*Work item*
Go through the following data and transcribe exactly the stretch of lines from the one holding "Fig. 55. Siegel der Tuchfärber." to the one holding "鏡開きに使用された祝い樽", both included.

━━ Data shown

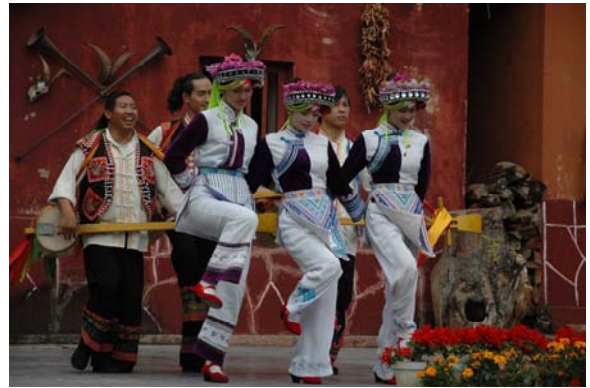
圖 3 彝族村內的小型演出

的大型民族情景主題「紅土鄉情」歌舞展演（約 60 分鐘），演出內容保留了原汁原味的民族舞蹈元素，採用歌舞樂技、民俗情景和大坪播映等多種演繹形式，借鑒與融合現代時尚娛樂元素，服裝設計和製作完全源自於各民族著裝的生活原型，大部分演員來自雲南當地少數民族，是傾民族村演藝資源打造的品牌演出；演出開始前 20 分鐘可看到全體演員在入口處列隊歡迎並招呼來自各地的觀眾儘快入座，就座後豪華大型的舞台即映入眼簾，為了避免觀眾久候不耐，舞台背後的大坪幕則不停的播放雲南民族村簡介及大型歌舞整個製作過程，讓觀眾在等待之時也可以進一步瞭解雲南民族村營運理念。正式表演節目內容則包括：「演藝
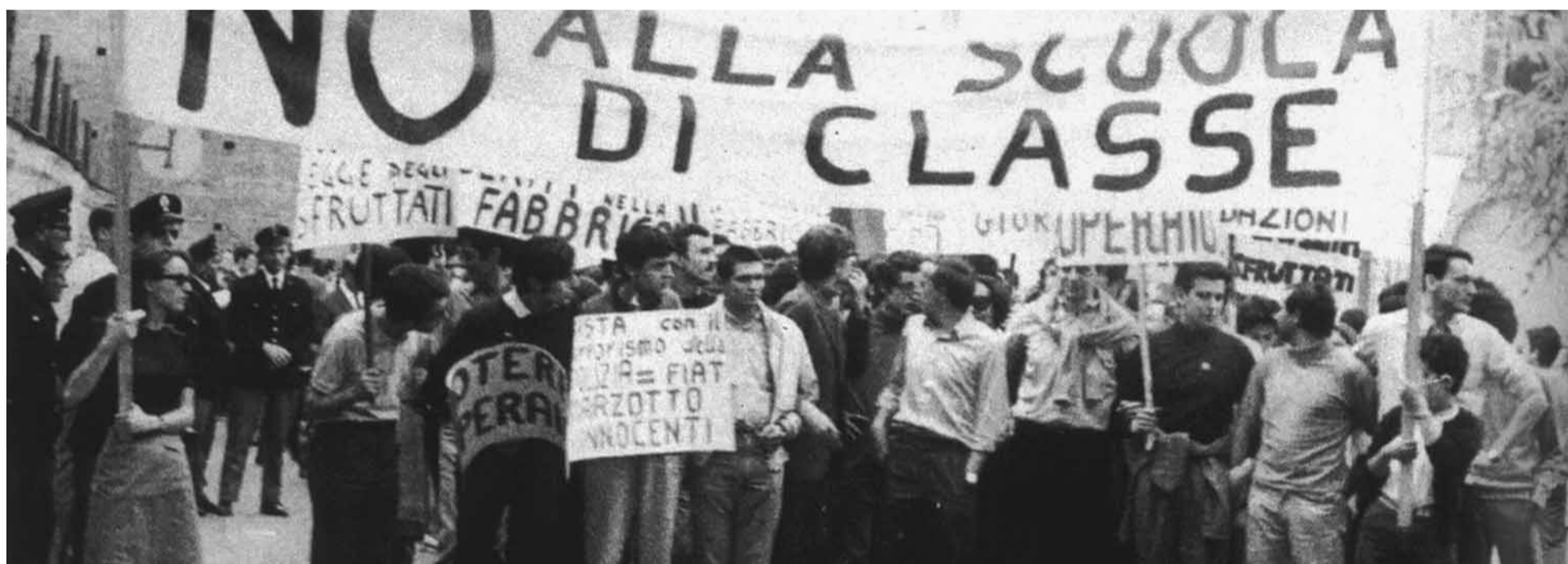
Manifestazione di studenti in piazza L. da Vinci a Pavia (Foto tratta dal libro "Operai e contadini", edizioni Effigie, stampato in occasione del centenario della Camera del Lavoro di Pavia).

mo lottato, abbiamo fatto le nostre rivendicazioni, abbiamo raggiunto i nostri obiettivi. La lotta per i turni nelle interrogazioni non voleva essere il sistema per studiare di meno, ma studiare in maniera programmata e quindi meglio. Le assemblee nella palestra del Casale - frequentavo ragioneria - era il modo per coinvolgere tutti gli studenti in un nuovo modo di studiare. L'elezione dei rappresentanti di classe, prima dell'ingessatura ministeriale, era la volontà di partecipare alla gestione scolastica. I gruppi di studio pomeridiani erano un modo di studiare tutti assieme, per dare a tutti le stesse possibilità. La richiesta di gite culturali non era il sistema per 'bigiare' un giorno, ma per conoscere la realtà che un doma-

━━━━
━━ Data shown

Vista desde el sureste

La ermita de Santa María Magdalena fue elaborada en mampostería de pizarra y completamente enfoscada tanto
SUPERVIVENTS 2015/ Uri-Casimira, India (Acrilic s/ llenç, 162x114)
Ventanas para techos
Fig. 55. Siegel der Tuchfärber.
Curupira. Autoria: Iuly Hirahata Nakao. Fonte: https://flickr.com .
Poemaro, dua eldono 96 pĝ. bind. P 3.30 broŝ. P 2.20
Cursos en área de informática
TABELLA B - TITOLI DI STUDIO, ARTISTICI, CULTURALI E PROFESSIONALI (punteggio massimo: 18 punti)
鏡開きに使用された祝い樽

━━━━
━━ Data shown

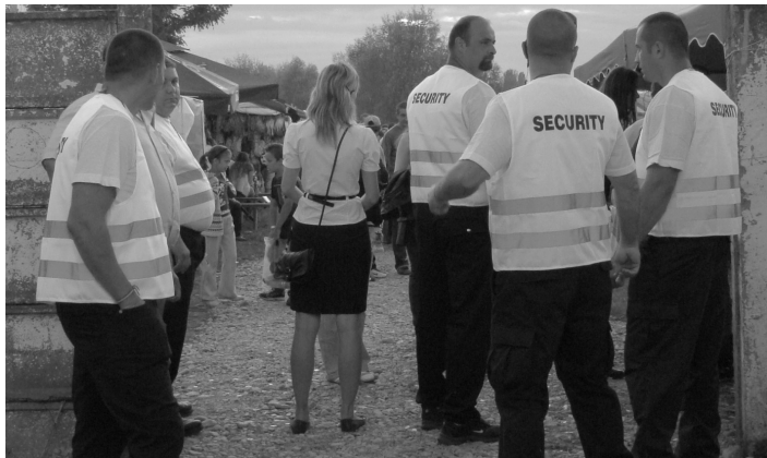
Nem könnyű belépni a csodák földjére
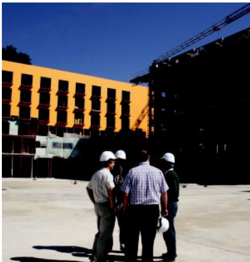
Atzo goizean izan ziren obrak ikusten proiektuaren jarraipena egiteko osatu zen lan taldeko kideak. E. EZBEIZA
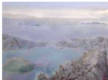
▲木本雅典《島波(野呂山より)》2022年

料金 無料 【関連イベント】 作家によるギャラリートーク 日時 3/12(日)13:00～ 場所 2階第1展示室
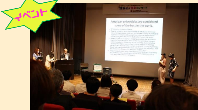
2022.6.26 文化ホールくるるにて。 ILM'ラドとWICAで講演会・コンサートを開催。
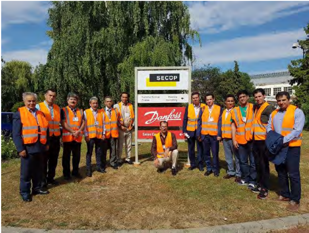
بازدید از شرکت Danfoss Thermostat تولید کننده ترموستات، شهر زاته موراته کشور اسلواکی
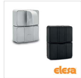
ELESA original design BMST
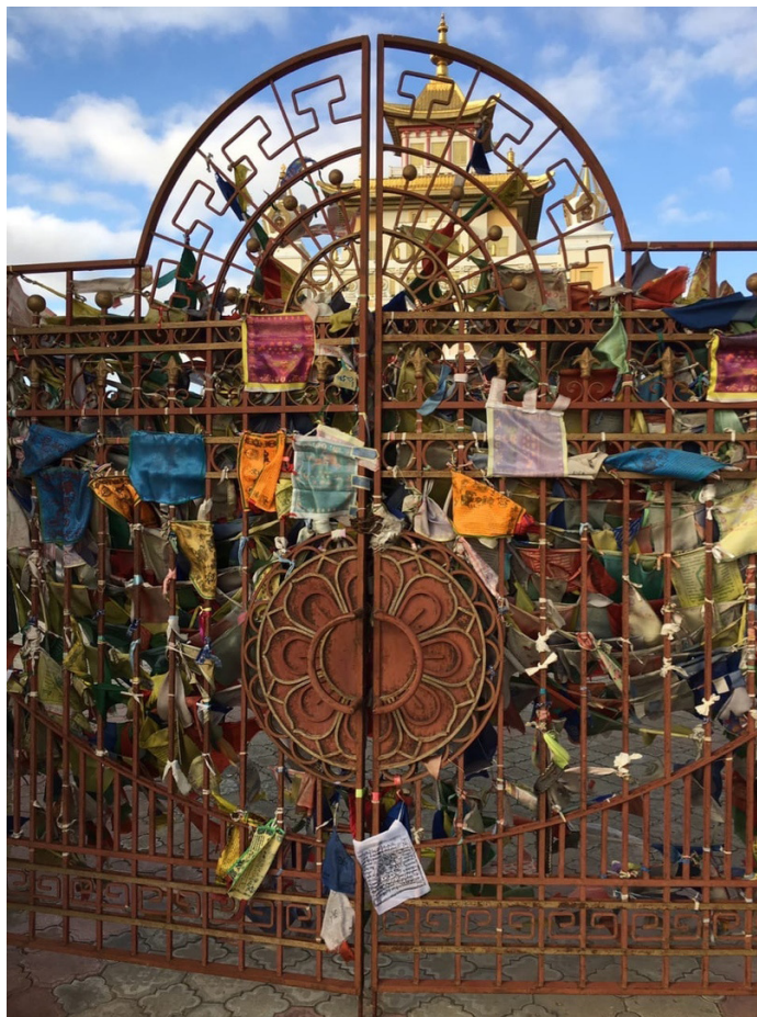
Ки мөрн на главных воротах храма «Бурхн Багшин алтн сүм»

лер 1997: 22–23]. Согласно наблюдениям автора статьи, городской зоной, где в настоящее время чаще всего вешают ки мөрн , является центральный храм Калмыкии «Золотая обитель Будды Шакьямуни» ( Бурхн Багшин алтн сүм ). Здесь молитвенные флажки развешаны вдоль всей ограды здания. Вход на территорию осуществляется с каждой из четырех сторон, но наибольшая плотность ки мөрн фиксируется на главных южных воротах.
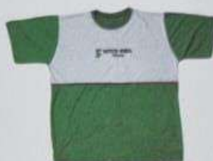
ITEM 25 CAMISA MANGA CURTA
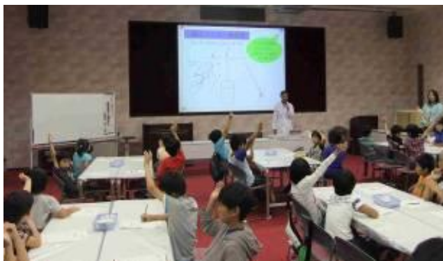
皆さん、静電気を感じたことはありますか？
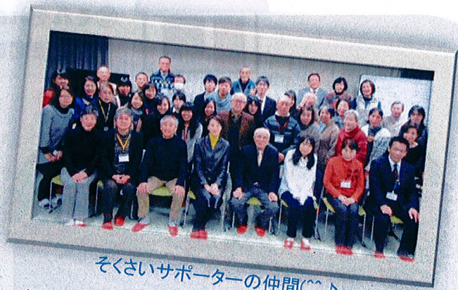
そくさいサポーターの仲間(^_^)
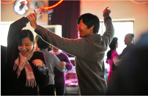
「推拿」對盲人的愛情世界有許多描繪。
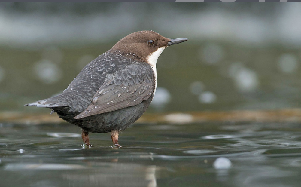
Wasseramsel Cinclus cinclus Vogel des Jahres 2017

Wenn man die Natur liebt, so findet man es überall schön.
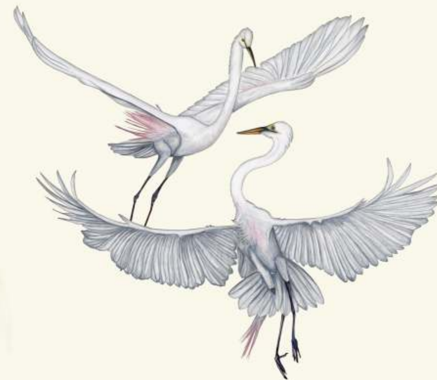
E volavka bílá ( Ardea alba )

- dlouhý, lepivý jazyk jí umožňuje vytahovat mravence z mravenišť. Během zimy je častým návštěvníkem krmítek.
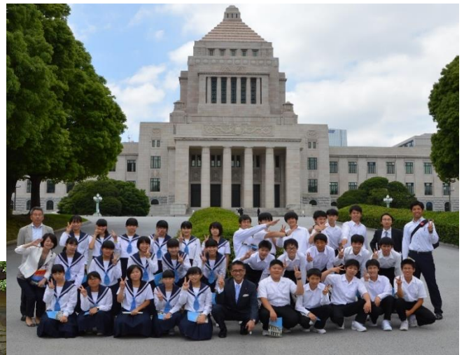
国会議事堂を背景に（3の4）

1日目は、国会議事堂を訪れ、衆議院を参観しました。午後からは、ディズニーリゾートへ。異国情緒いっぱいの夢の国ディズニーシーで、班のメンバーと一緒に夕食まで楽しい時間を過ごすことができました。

━━━━

*Answer*
Fig. 55. Siegel der Tuchfärber.
Curupira. Autoria: Iuly Hirahata Nakao. Fonte: https://flickr.com .
Poemaro, dua eldono 96 pĝ. bind. P 3.30 broŝ. P 2.20
Cursos en área de informática
TABELLA B - TITOLI DI STUDIO, ARTISTICI, CULTURALI E PROFESSIONALI (punteggio massimo: 18 punti)
鏡開きに使用された祝い樽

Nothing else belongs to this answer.